8:12 am on Jul 23, 2008 (gmt 0)

10+ Year Member



Hallo,

I am using robots.txt for blocking affiliate pages of my site.

do you think that Blocking more and more pages in robots.txt for Googlebot, is it creating a problem for my site?

Due to this problem, is it possible that my ranking in Google will be gone down?

Because there is affiliate urls are increasing more and more and for protecting my site from the penalty of Duplicate content i have blocked all affiliate urls in robots.txt and even any new affiliate url generate that will also block in robots.txt

I am using this command for blocking my affiliate urls:

User-agent: *
Disallow: /*?a_aid
Disallow: /*?

Because before implementing this command in robots.txt my ranking is very well but after blocking these kind of pages in robots.txt, I found that my ranking gone down.

so now what i should to do for getting my ranking up.

Let me know your suggestions.

Thanks

tedster

8:34 am on Jul 23, 2008 (gmt 0)

WebmasterWorld Senior Member 10+ Year Member



The last line in your set of rules disallows ANY url that contains a question mark. This is fine if you are not using query strings in the urls of any important pages, but just be sure that is what you want.
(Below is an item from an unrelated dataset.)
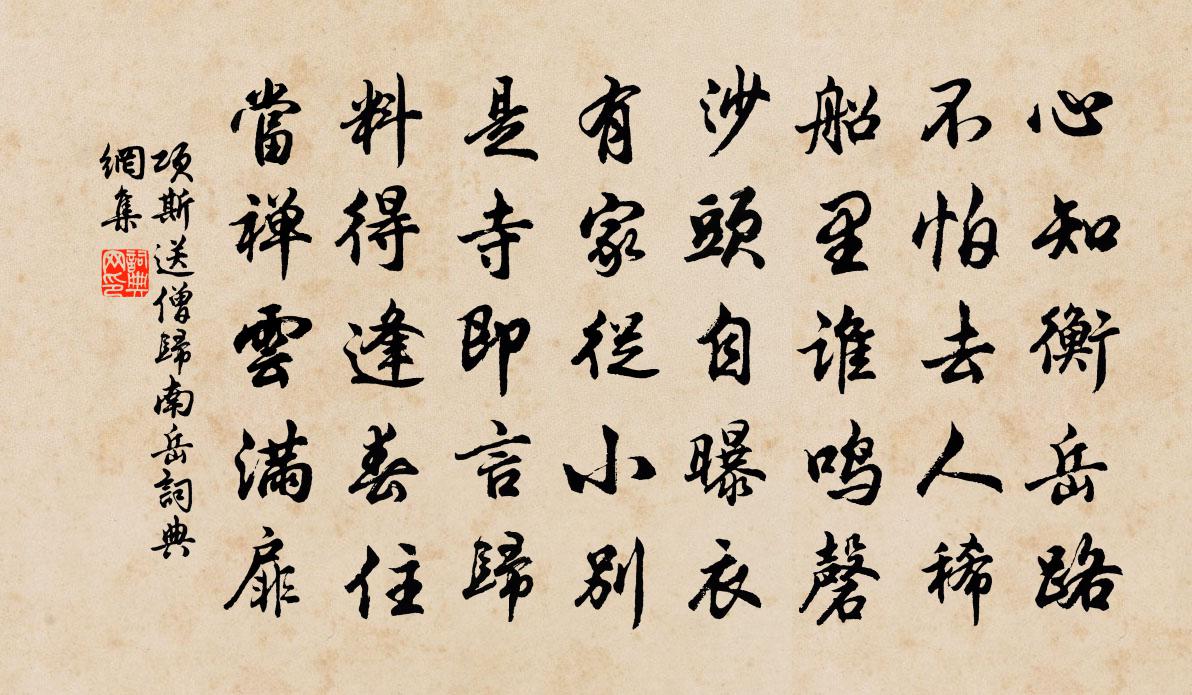 詩詞名句歷史字典書法欣賞書法字典國語詞典說文解字康熙字典古漢語字典標 題 作 者 詩 句 送僧歸南嶽作者:項斯 朝代:唐代送僧歸南嶽原文心知衡岳路,不怕去人稀。船里誰鳴磬,沙頭自曝衣。有家從小別,是寺即言歸。料得逢春住,當禪雲滿扉。詩詞問答問:送僧歸南嶽的作者是誰?答:項斯問:送僧歸南嶽寫於哪個朝代?答:唐代問:送僧歸南嶽是什麼體裁?答:五律項斯送僧歸南嶽書法欣賞送僧歸南嶽書法作品注釋全唐詩:卷554-5詩詞推薦汝墳佚名〔先秦〕遵彼汝墳,伐其條枚。未見君子,惄如調飢。遵彼汝墳,伐其條肄。既見君子,不我遐棄。魴魚赬尾,王室如毀。秋日感事示介甫曾鞏〔宋代〕秋日氣已盛,陰蟲朝暮聲。煙雲斷溪樹,風雨入山城。沙磧有遺虜,旌旗多遠行。生民苦未息,吾黨恥論兵。理公岩董嗣杲〔宋代〕西來識得此雲根,終此雲根護法門。由晉尚傳斯語在,到今休想舊岩存。天開教觀香燈盛,人仰胡僧相貌尊。行果句陽枋〔宋代〕白雲無心間泫水,清風何意自開花。哭胡處士曹松〔唐代〕丘中久不起,將謂詔書來。及見凌雲說,方知掩夜台。白衣歸北路,玄造亦遺才。世上亡君後,詩聲更大哉。登澤州城北樓宴陳子昂〔唐代〕平生倦遊者。觀化久無窮。復來登此國。臨望與君同。坐見秦兵壘。遙聞趙將雄。武安君何在。長平事已空。且歌次韻贈吳羽士月湖大椿方回〔宋代〕萬事平生大道杯,恍然曾過望鄉台。榮華外物毛端細,飄忽陽神頂上回。羅殿堪思蠻嶠瘴,郁儀永謝劫池灰。何□紫荊花方回〔宋代〕疏枝堅瘦骨為皮,忽迸紅英簇紫蕤。嬌女乍看齒生液,分明茜糝綴餳枝。和宋去華愛日樓之什黃公度〔宋代〕百里平疇一望間,綠蕪盡處見青山。孤雲自在開仍合,白鳥群飛去復還。竟日茶瓜留客坐,滿床圖史伴君閒。攜醪西江月 戲題五子扇頭劉敏中〔元代〕階下竇郎丹桂,眼中陶令新詩。渾教不是寧馨兒。且得平生慰意。曉露蘭芽香徹,春風杏蕾紅肥。最堪憐處雁行齊保應廟董朴〔宋代〕廟食空山八百年,衣冠猶是李唐前。汴河十里垂楊柳,何似松陰數畝田。書所見聞示諸友魏了翁〔宋代〕死城陷陣已長休,捍虜鳩民亦漫憂。局外閒人倚江立,全軀保室信良謀。年逾弱冠又多錦瑟之一弦身墮塵樊未徹玉霄白玉蟾〔宋代〕夜涼莫聽野猿哀,覺我枯腸轉九回。淅淅秋風吹性水,淹淹暮雨滴心灰。自憐孤影青燈下,曾作神霄故吏來。若待次韻酬宋中散二首王安石〔宋代〕初見彤庭賜履雙,便參東閣寄南邦。時聞正論除疑網,每讀高辭折慢幢。陳跡欲尋無復日,舊恩思報有如江。風流西省齋宿陪侍左史曹舍人話舊以除當字賦詩下程公許〔宋代〕一行奎畫寵新除,左陛濡毫要直書。何幸鵷班連省闥,誤令鼠璞雜瓊琚。雲窗樓閣非官府,璧月珠星近帝居。二十病起王安石〔宋代〕稚金敷新涼,老火灺殘濁。桃枝暖淟涊,散發曦曉捉。煩痾脫然愈,靜若遺身覺。移榻欹獨眠,欣佳恐難數。燕山亭(中秋諸王席上作)曾覿〔宋代〕河漢風清,庭戶夜涼,皓月澄秋時候。冰鑒乍開,跨海飛來,光掩滿天星斗。四卷珠簾,漸移影、寶階鴛甃。還又徐成之園亭三詠竹徑桃花孔武仲〔宋代〕闢地不盈畝,點綴成阻修。相招竹林逸,更作桃源游。綽約新飲露,琅玕曾倚秋。春風盪人意,此境獨清幽。哭徐璣翁卷〔宋代〕前時官上歸,感愴失靈暉。不料三年後,俱隨萬化非。塔峰長入座,池色自臨扉。無復乘閒屐,觀棋訪衲衣。涵碧亭三首曹冠〔宋代〕平生事澹泊,榮利不關心。杜門久謝客,豈容俗塵侵。令尹有佳招,聯轡游雲林。流觴繞雙魚,茂樾棲幽禽。揮毫名句推薦價一不擇主馮夢龍《警世通言·卷二十二》 千古風流八詠樓,江山留與後人愁。李清照《題八詠樓》 叩枻長歌,嫦娥欲下,萬里揮冰雪。趙秉文《大江東去·用東坡先生韻》 田家幾日閒,耕種從此起。韋應物《觀田家》 苦心中常得悅心之趣;得意時便一失意之悲。洪應明《菜根譚·概論》 別後不知君遠近。觸目淒涼多少悶。歐陽修《玉樓春·別後不知君遠近》 茅檐低小,溪上青青草。辛棄疾《清平樂·村居》 肥水東流無盡期。當初不合種相思。姜夔《鷓鴣天·元夕有所夢》 楚江湄,湘娥乍見,無言灑清淚周密《繡鸞鳳花犯·賦水仙》 尊前故人如在,想念我、最關情。周邦彥《綺寮怨·上馬人扶殘醉》

Blocking urls in robots.txt does not cause problems with Google just because you do it. But if your rules do something other than what you intended, then there can be big trouble. If that last Disallow rule I pointed out is really what you need, then the drop in your rankings may have a different cause.

At the same time, if Google previouly passed link juice through all those backlinks and you sort of chopped them off from receiving and circulating PR - that could create some drops. Another approach is to take any affiliate ID, store the information you need to do right by your affiliate, and then serve a 301 redirect that removes the query string. This way you allow Google to give you the credit for those backlinks and to pass along any link juice.

Marcia

8:43 am on Jul 23, 2008 (gmt 0)

WebmasterWorld Senior Member 10+ Year Member



WMT doesn't seem too happy over URLs disallowed in robots.txt

gunjanp

9:44 am on Jul 23, 2008 (gmt 0)

10+ Year Member



Thanks Tedster for great suggestion.

Robots.txt working well and it blocks only those urls which contains "?".

and as you suggest that if i will give 301 redirect to all urls which contains "?" then i will get the benefits of Link Juice.

But i am getting confused. if i am giving 301 redirect on affiliate urls, then affiliate tracking is possible? or it creates problem in affiliate order tracking?

Let me know...

Lord Majestic

10:51 am on Jul 23, 2008 (gmt 0)

WebmasterWorld Senior Member 10+ Year Member



This is not a standard valid robots.txt - wildcards in those are only supported for User-Agent part, if you are targeting specifically Googlebot that understands it then I think you really should mention it there explicitly.

g1smd

12:44 pm on Jul 23, 2008 (gmt 0)

WebmasterWorld Senior Member 10+ Year Member Top Contributors Of The Month



Disallow: /*?a_aid
Disallow: /*?

The first rule is redundant.

tedster

1:33 pm on Jul 23, 2008 (gmt 0)

WebmasterWorld Senior Member 10+ Year Member



This is not a standard valid robots.txt...if you are targeting specifically Googlebot that understands it then I think you really should mention it there explicitly.

Yahoo and MSN also support wildcard pattern matching in robots.txt.

tedster

1:35 pm on Jul 23, 2008 (gmt 0)

WebmasterWorld Senior Member 10+ Year Member



if i am giving 301 redirect on affiliate urls, then affiliate tracking is possible

You can script this with your serveer-side technology. Capture and store the tracking info before you do the redirect that strips the affiliate parameter.

Lord Majestic

1:36 pm on Jul 23, 2008 (gmt 0)

WebmasterWorld Senior Member 10+ Year Member



Yahoo and MSN also support wildcard pattern matching in robots.txt.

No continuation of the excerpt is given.